Task requirements » Please write out all the data that follows exactly, without the pictures.

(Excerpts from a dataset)
--- START ---
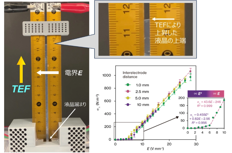 今回、研究チームでは、静電力の源であるMaxwell応力[用語6]に立ち返り、特にMaxwell応力のうち、電界に対して垂直方向に働く応力成分に着目しました。この垂直成分による発生力をTEF(Transverse Electrostatic Force、図1)と名付け、図2に示すような実験系を構築して電極に電圧を印加したところ、液晶材料が電極間を上昇する現象を確認し、TEFの可視化・定量化に成功しました。たとえば電極間距離1 mmあたりわずか20 Vの電圧を印加するだけで液晶が約70 mmも上昇することが明らかになりました。TEFを利用することで電極を固定でき、ショートの可能性を大きく低減することができます。
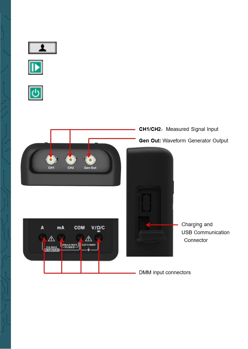 Gen Out: The Gen Out terminal of the oscilloscope without signal genera-
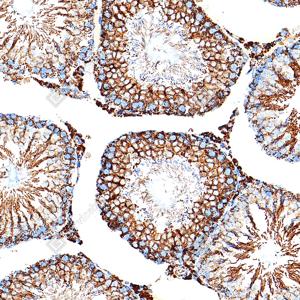 | IHC检测SOD2/MnSOD蛋白(货号 GB151875). 样品: 大鼠睾丸, 4%多聚甲醛 (货号G1101) 固定12-24小时. 抗原修复: Tris-EDTA抗原修复液(pH 9.0) (G1203), 100℃, 25分钟. —抗: 1: 2500稀释, 4℃ 孵育过夜. 二抗: S-vision免疫组化多聚二抗(山羊抗小鼠), 即用型(货号G1301), 室温孵育20分钟. |
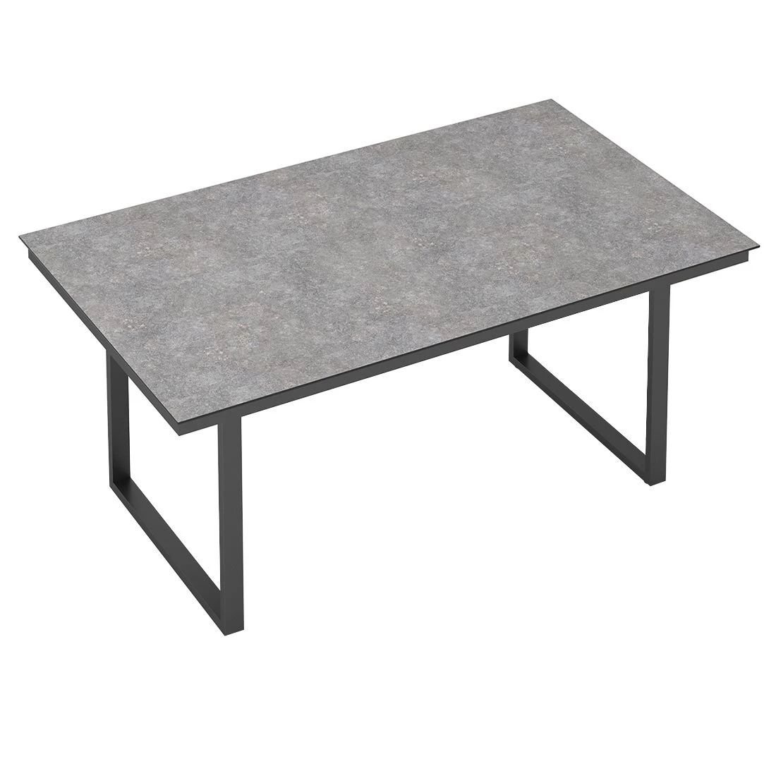 Als Gestellmaterial dient qualitativ hochwertiges Aluminium. Das Gestell besticht mit seinen attraktiven Kufen. Die massive Tischplatte aus praktischem HPL-Kunststoffverbund ist im Besonderen für den Einsatz unter freiem Himmel und das Grillen draußen bestens geeignet. Farblich ist die Tischplatte in einem schönen Kalksandstein gehalten. Der Gartentisch ist klassisch rechteckig gestaltet.
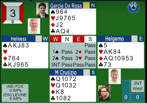 I semifinalen møter LEVINE lag FOX og det norske parets lag var nok klare favoritter før kampen. FOX gikk imidlertid hardt ut og tok ledelsen i det første av fire sett. De økte faktisk ledelsen i andre sett og halvveis ledet de med 32 IMP. Så i det tredje settet var lag LEVINE sin line-up Helness-Helgemo og Meckstroth-Rodwell. Som så ofte før satte de på turboen, og allerede etter fem spill hadde de tatt ledelsen med 40-0, og var plutselig foran med 7 IMP totalt.
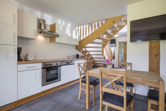 Die 65 m² große Wohnung ist über den seitlichen Aufgang des Bauernhauses erreichbar.
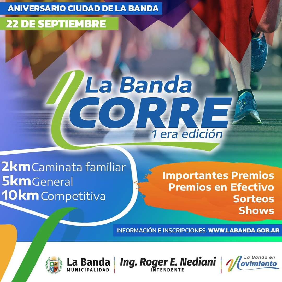 Desde la Municipalidad de La Banda se informó que continuarán abiertas hasta el jueves 19 las inscripciones para participar de la “1° Edición de la Maratón La Banda Corre” que se llevará a cabo el próximo domingo 22 de septiembre, en el marco de los festejos por un nuevo aniversario de la ciudad.
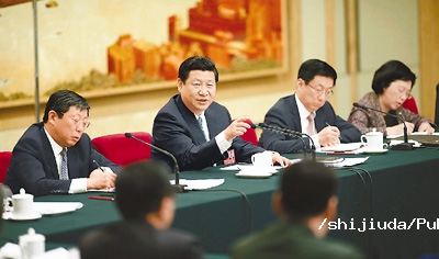 (3月4日下午,习近平看望参加全国政协十二届四次会议的民建、工商联委员并参加联组会。)
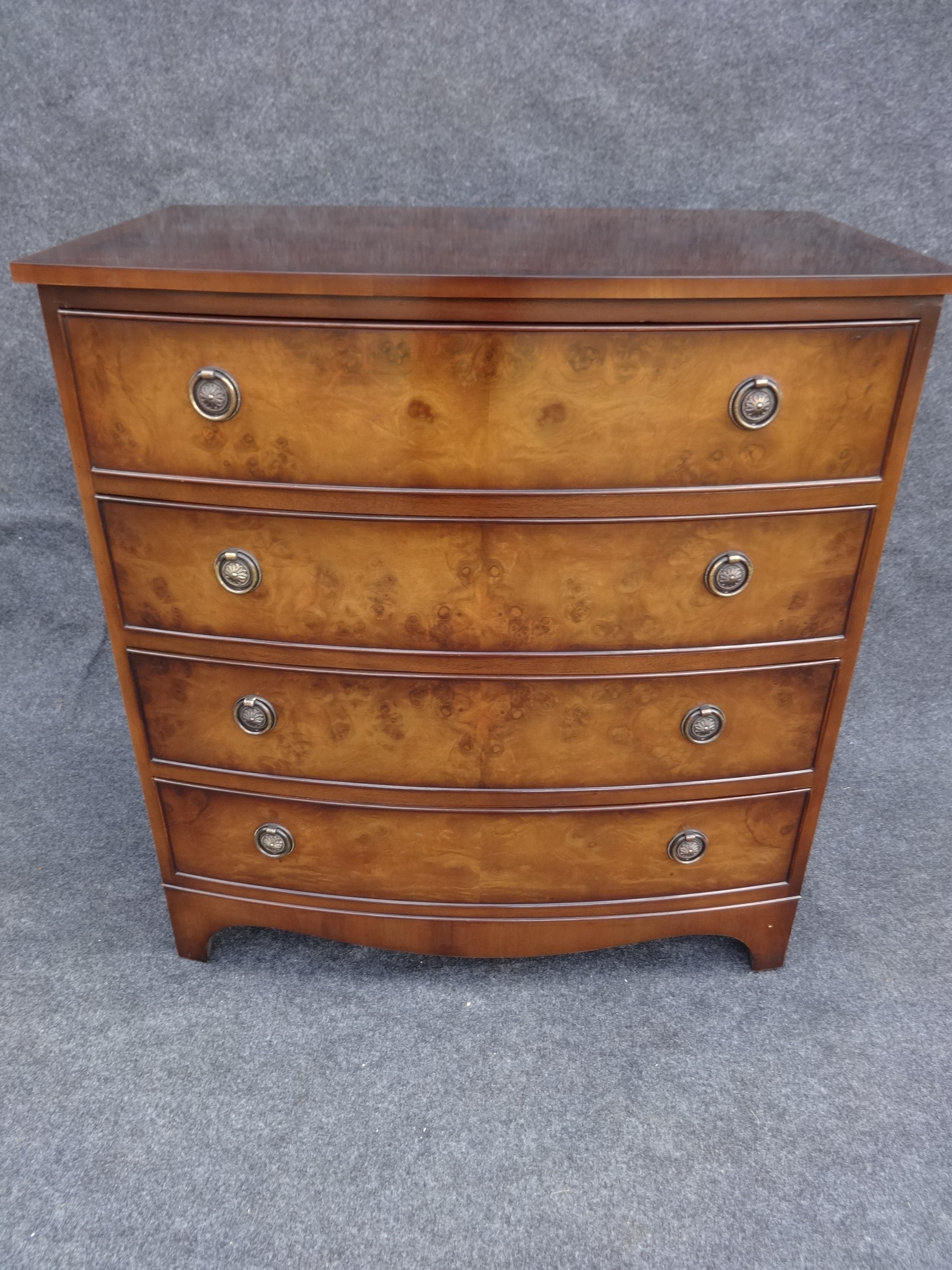 Offered for sale is this fantastic burr walnut bow front chest of drawers which has 4 drawers and is in very good condition.
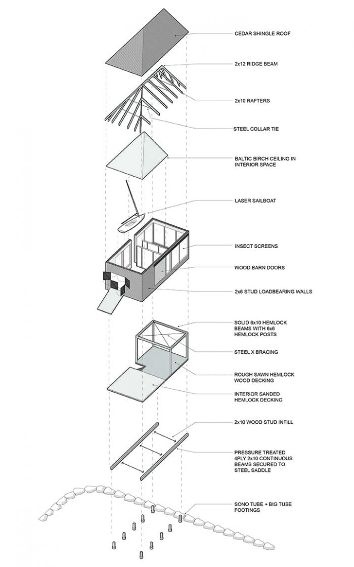The elevations are allowed to respond to site conditions: minimal openings on the north side, maximum openings on the south side to take advantage of sun. A deep cut in the south elevation contrasts and emphasizes the mass of the volume, while admitting a concealed stair up into the middle of the plan which bisects the two functional zones. The building is set on stilts hovering above the high-water line, with the front porch cantilevering over the beach edge. The viewing porch faces out to the water, with boat storage behind.
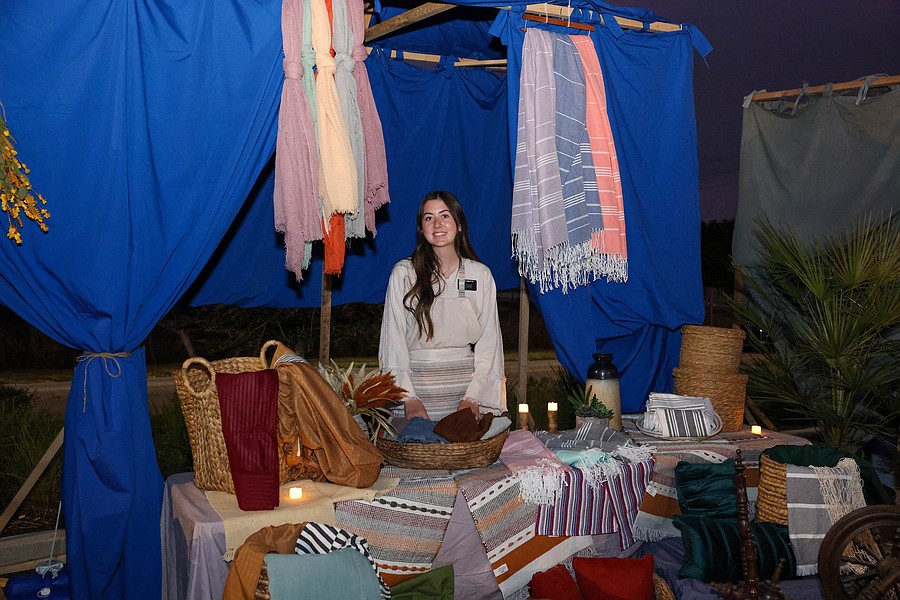 Guests then continued on through the gates to walk past animals including three Highland miniature cows, miniature donkeys, a miniature horse, a turkey, a bunny, a goat and other animals. FFA students from West Orange High School, Horizon High School and Hamlin Middle School dressed as shepherds and managed the animals throughout the evening. After walking past the animals, guests walked through a “Bethlehem open market” scene and onward to the show.
--- END ---
Exercise answer »
 今回、研究チームでは、静電力の源であるMaxwell応力[用語6]に立ち返り、特にMaxwell応力のうち、電界に対して垂直方向に働く応力成分に着目しました。この垂直成分による発生力をTEF(Transverse Electrostatic Force、図1)と名付け、図2に示すような実験系を構築して電極に電圧を印加したところ、液晶材料が電極間を上昇する現象を確認し、TEFの可視化・定量化に成功しました。たとえば電極間距離1 mmあたりわずか20 Vの電圧を印加するだけで液晶が約70 mmも上昇することが明らかになりました。TEFを利用することで電極を固定でき、ショートの可能性を大きく低減することができます。
 Gen Out: The Gen Out terminal of the oscilloscope without signal genera-
 | IHC检测SOD2/MnSOD蛋白(货号 GB151875). 样品: 大鼠睾丸, 4%多聚甲醛 (货号G1101) 固定12-24小时. 抗原修复: Tris-EDTA抗原修复液(pH 9.0) (G1203), 100℃, 25分钟. —抗: 1: 2500稀释, 4℃ 孵育过夜. 二抗: S-vision免疫组化多聚二抗(山羊抗小鼠), 即用型(货号G1301), 室温孵育20分钟. |
 Als Gestellmaterial dient qualitativ hochwertiges Aluminium. Das Gestell besticht mit seinen attraktiven Kufen. Die massive Tischplatte aus praktischem HPL-Kunststoffverbund ist im Besonderen für den Einsatz unter freiem Himmel und das Grillen draußen bestens geeignet. Farblich ist die Tischplatte in einem schönen Kalksandstein gehalten. Der Gartentisch ist klassisch rechteckig gestaltet.
 I semifinalen møter LEVINE lag FOX og det norske parets lag var nok klare favoritter før kampen. FOX gikk imidlertid hardt ut og tok ledelsen i det første av fire sett. De økte faktisk ledelsen i andre sett og halvveis ledet de med 32 IMP. Så i det tredje settet var lag LEVINE sin line-up Helness-Helgemo og Meckstroth-Rodwell. Som så ofte før satte de på turboen, og allerede etter fem spill hadde de tatt ledelsen med 40-0, og var plutselig foran med 7 IMP totalt.
 Die 65 m² große Wohnung ist über den seitlichen Aufgang des Bauernhauses erreichbar.
 Desde la Municipalidad de La Banda se informó que continuarán abiertas hasta el jueves 19 las inscripciones para participar de la “1° Edición de la Maratón La Banda Corre” que se llevará a cabo el próximo domingo 22 de septiembre, en el marco de los festejos por un nuevo aniversario de la ciudad.
 (3月4日下午,习近平看望参加全国政协十二届四次会议的民建、工商联委员并参加联组会。)
 Offered for sale is this fantastic burr walnut bow front chest of drawers which has 4 drawers and is in very good condition.
The elevations are allowed to respond to site conditions: minimal openings on the north side, maximum openings on the south side to take advantage of sun. A deep cut in the south elevation contrasts and emphasizes the mass of the volume, while admitting a concealed stair up into the middle of the plan which bisects the two functional zones. The building is set on stilts hovering above the high-water line, with the front porch cantilevering over the beach edge. The viewing porch faces out to the water, with boat storage behind.
 Guests then continued on through the gates to walk past animals including three Highland miniature cows, miniature donkeys, a miniature horse, a turkey, a bunny, a goat and other animals. FFA students from West Orange High School, Horizon High School and Hamlin Middle School dressed as shepherds and managed the animals throughout the evening. After walking past the animals, guests walked through a “Bethlehem open market” scene and onward to the show.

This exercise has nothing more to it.